Le lendemain, quand le roi fut averti que le corps du larron avait été dérobé subtilement, il fut grandement marri, et, voulant par tous moyens trouver celui qui avait joué telle finesse, il fit chose laquelle, quant à moi, je ne puis croire : il ouvrit la maison de sa fille, lui enjoignant de recevoir indifféremment quiconque viendrait vers elle pour prendre son plaisir, mais toutefois, avant que se laisser toucher, de contraindre chacun à lui dire ce qu’il avait fait en sa vie le plus prudemment et le plus méchamment ; que celui qui lui raconterait le tour du larron fût par elle saisi sans le laisser partir de sa chambre[6]. L’infante obéit au commandement de son père ; mais le larron, entendant à quelle fin la chose se faisait, voulut venir à chef de toutes les finesses du roi et le contremina en cette façon. Il coupa le bras d’un nouveau-mort, et le cachant sous sa robe, il s’achemina vers la fille. Entré qu’il fut, elle l’interroge comme elle avait fait les autres, et il lui conte que le crime plus énorme par lui commis fut quand il trancha la tête de son frère pris au piège dans le trésor du roi. Pareillement, que la chose plus avisée qu’il avait onques faite, fut quand il dépendait celui sien frère après avoir enivré les gardes. Soudain qu’elle l’entendit elle ne fit faute de le saisir ; mais le larron, par le moyen de l’obscurité qui était en la chambre, lui tendit la main morte qu’il tenait cachée, laquelle elle empoigna, cuidant que ce fût la main de celui qui parlait ; mais elle se trouva trompée, car le larron eut loisir de sortir et fuir.

La chose rapportée au roi, il s’étonna merveilleusement de l’astuce et hardiesse de tel homme. Enfin il manda qu’on fît publier par toutes les villes de son royaume qu’il pardonnait à ce personnage, et que, s’il voulait venir se présenter à lui, il lui ferait grands biens. Le larron ajouta foi à la publication faite de par le roi, et s’en vint vers lui. Quand le roi le vit, il lui fut à grand merveille : toutefois, il lui donna sa fille en mariage comme au plus capable des hommes, et qui avait affiné les Égyptiens, lesquels affinent toutes nations.

 

 

 



[1] Ce nom n’est que Ramsès augmenté d’une syllabe nitos pour le différencier, ainsi qu’il est dit dans l’Introduction.

[2] Voir, dans l’Introduction, le commentaire de ce passage. Il y a peut-être au conte de Khoufouî un autre exemple de bloc mobile.

[3] Cette exposition du cadavre sur la muraille de la ville a été citée comme une preuve de l’origine non égyptienne du conte. Les Égyptiens, a-t-on dit, avaient trop de scrupules religieux pour que leur loi civile permit pareille exhibition ; après exécution de la sentence, le corps était rendu à la famille, pour être momifié. Je ne citerai contre cette objection qu’un passage d’une stèle d’Aménôthès II, où ce roi raconte qu’ayant pris plusieurs chefs syriens, il fit exposer leurs corps sur les murs de Thèbes et de Napata, afin d’effrayer les rebelles par un si terrible exemple. Ce qu’un Pharaon réel avait fait, un Pharaon de conte pouvait bien le faire, quand même ce n’aurait été que par exception.

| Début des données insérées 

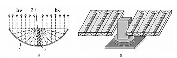 Рис.2.11. Солнечная батарея на основе каскадных солнечных элементов с цилиндрическими отражателями
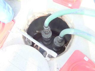 校庭にあるマンホールに給水用のホースをつなぎます。
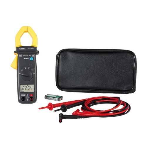 Dotée des fonctions essentielles (tension AC et DC, courant AC, résistance, fréquence et continuité), la pince multimètre ou ampèremétrique MX 350 offre une excellente prise en main et un affichage particulièrement confortable. Outre ses nombreuses fonctions de mesure, cette pince multimétrique a également un petit « plus » : le réglage du zéro DC automatique, pour la mesure de courant DC, peut aussi astucieusement être utilisé pour effectuer des mesures différentielles. Elle permet la mesure des fréquences à la fois en courant (jusqu’à 10kHz) et en tension (jusqu’à 1MHz).
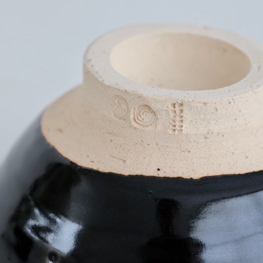 「黒飴」…伊賀に古くから伝わる透明な漆黒を映し出す鉄釉。とろりと艶やかな質感です。
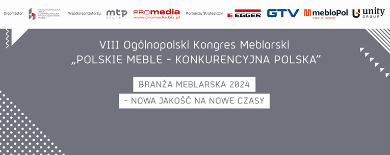 Zapraszamy do udziału w VIII Ogólnopolskim Kongresie Meblarskim „Polskie Meble – Konkurencyjna Polska”, który odbędzie się już dziś - 13 września w Poznaniu. Spotkanie, organizowane przez Ogólnopolską Izbę Gospodarczą Producentów Mebli we współpracy z Międzynarodowymi Targami Poznańskimi i firmą Promedia Jerzy Osika, odbędzie się pod hasłem: „Branża meblarska 2024 - nowa jakość na nowe czasy”.
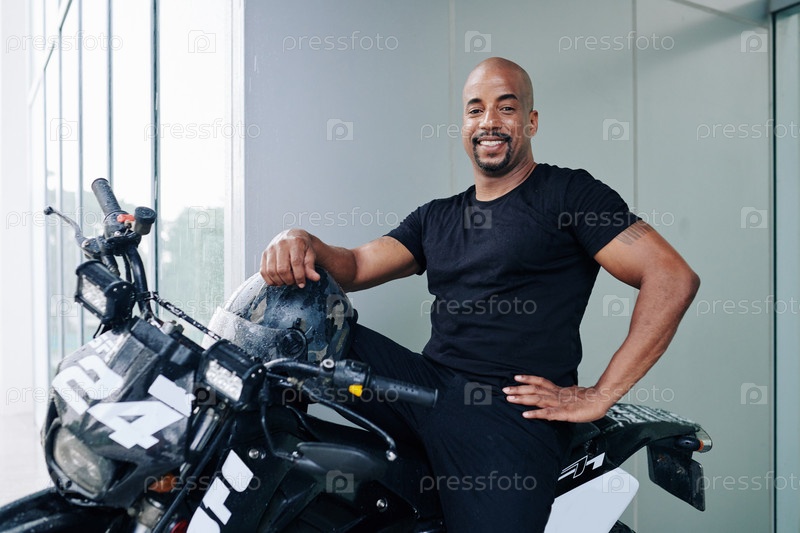Счастливый уверенный мужчина, сидящий на мотоцикле
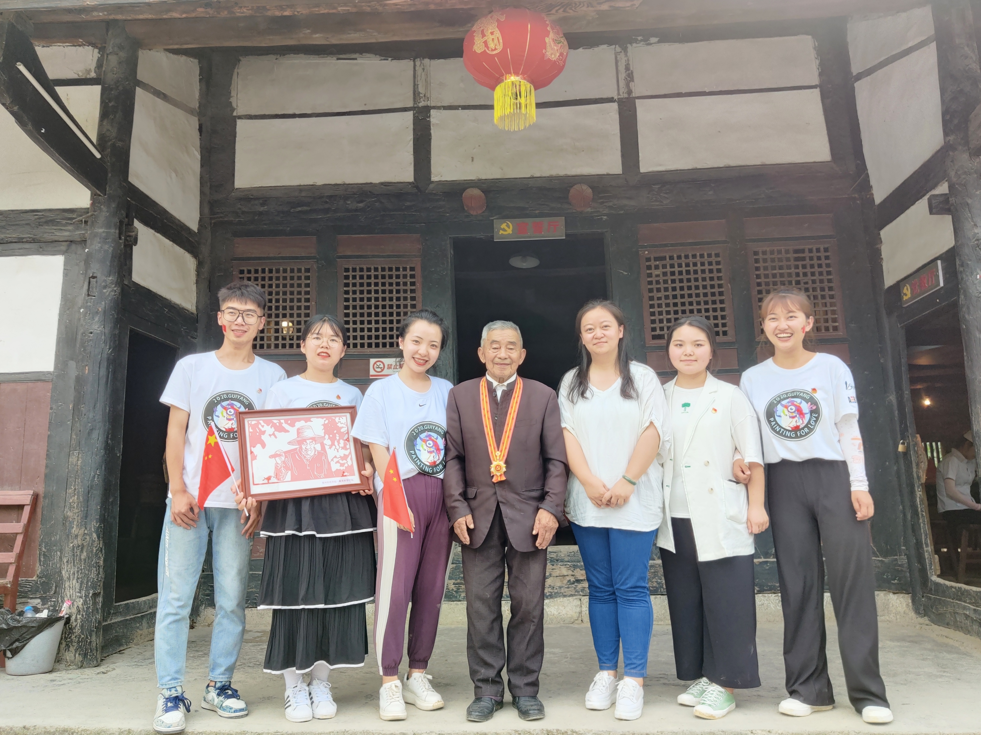 约·绘℃艺术公益社团童心绘梦团队代表及团委书记张源前往了七一勋章获得者黄大发老党员家中,开展了“峥嵘百年史,青春心向党”活动。
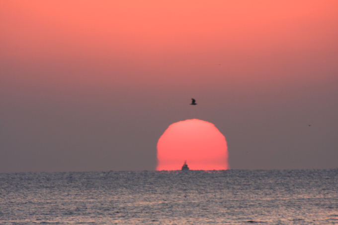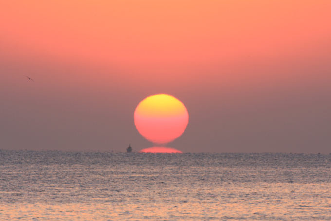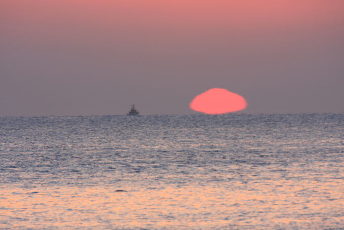 2008年1月6日午前7時10分頃撮影した海から昇る太陽 佐伯市米水津にて撮影
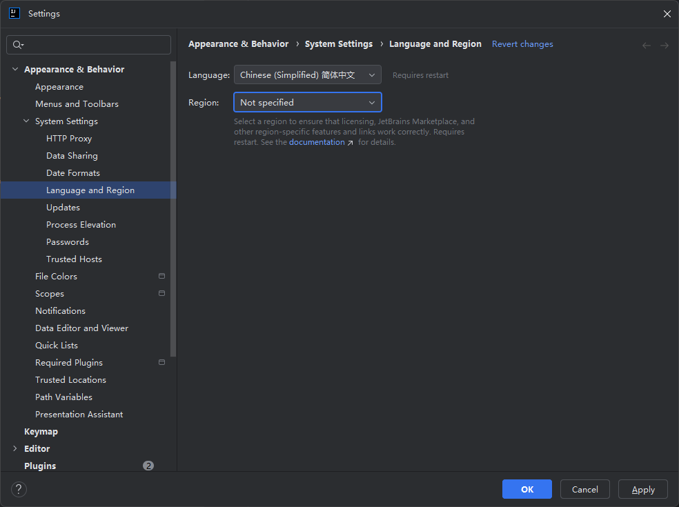 当前使用的idea已经内置了汉化,无需像以前来安装汉化插件,我们只需点击左下角设置中启用即可
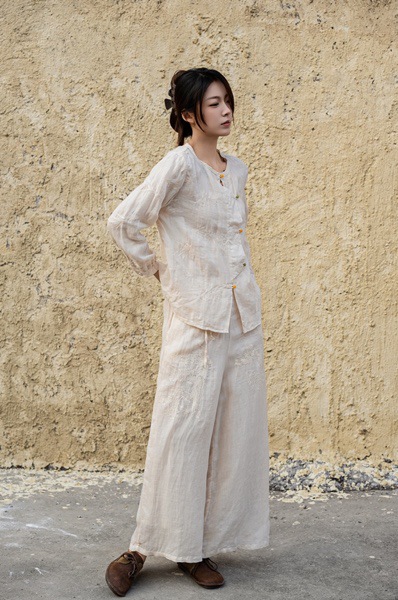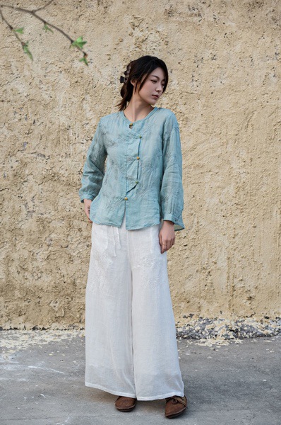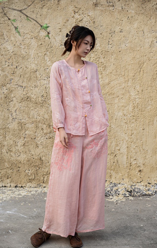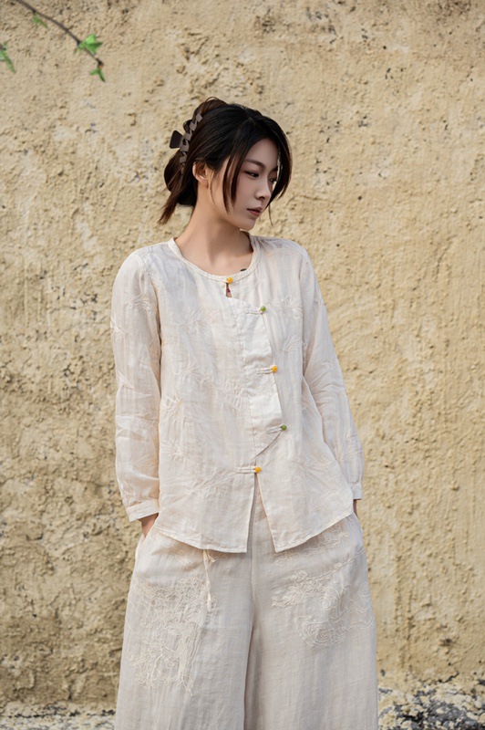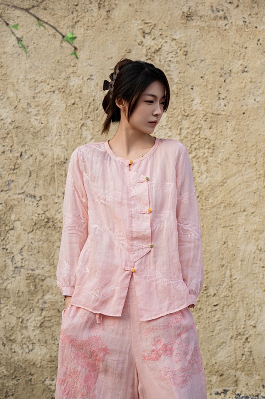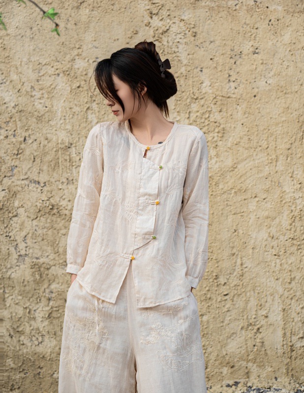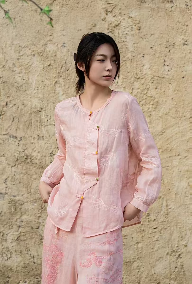 중공업 전체 자수 크루 넥 컬러 버튼 셔츠 여성의 2025 봄 예술 레트로 느슨한 슬리밍 올 매치 셔츠
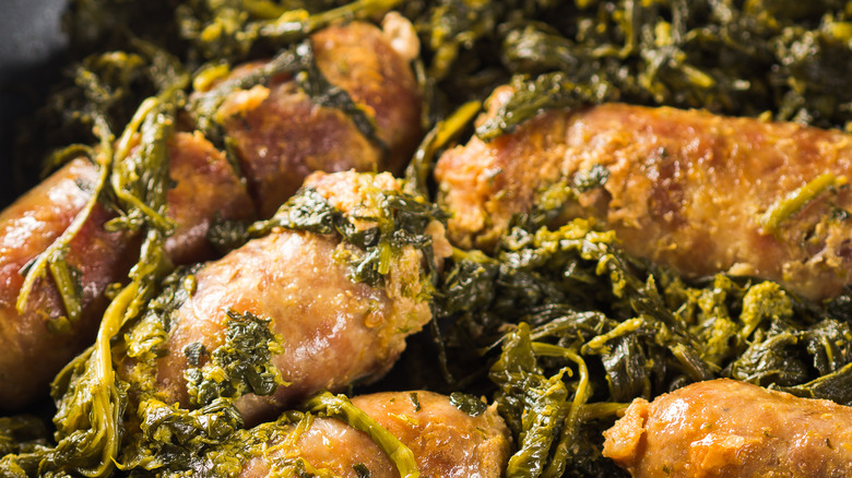 Sausage and friarielli, which are broccoli rabe that grow on the slopes of Vesuvius, was directly inspired by the fruits of the land. As the story goes, a street vendor wanted a side to serve with his pork sausage. He spotted the broccoli rabe growing on the mountainside, which hadn't been consumed much on account of the bitter flavor of the leaves, and decided to partake. This was a good decision, because when fried with some garlic and oil, these greens turned out to be a real treat.

[4] Les Égyptiens n’employaient pas d’ordinaire les outres à contenir le vin, mais presque toujours des jarres pointues de petite taille : les esclaves les emportaient avec eux à l’atelier ou dans les champs, et il n’est pas rare de voir, dans les peintures qui représentent la récolte, quelque moissonneur qui, la faucille sous le bras, boit à même le pot. L’usage de la peau de chèvre n’était pas inconnu cependant, et je puis citer, entre autres exemples, un tableau de jardinage trouvé dans un tombeau thébain et reproduit par Wilkinson (A popular Account of the Ancient Eyyptians, t. I, p. 35, fig. 29) ; on y voit trois chèvres d’eau déposées au bord d’un bassin pour y rafraîchir. Le détail recueilli par Hérodote est donc conforme de tout point aux mœurs de l’Égypte antique.

[5] Pour l’appréciation de ce trait je renvoie à ce qui a été dit dans l’Introduction, de la barbe des soldats égyptiens.

[6] Si bizarre que le moyen nous paraisse, il faut croire que les Égyptiens le trouvaient naturel, puisque la fille de Chéops recevait de son père l’ordre d’ouvrir sa maison à tout venant, moyennant argent (Hérodote, II, CXXVI), et que Thouboui invitait Satni à venir chez elle afin de le contraindre à rendre le livre de Thot.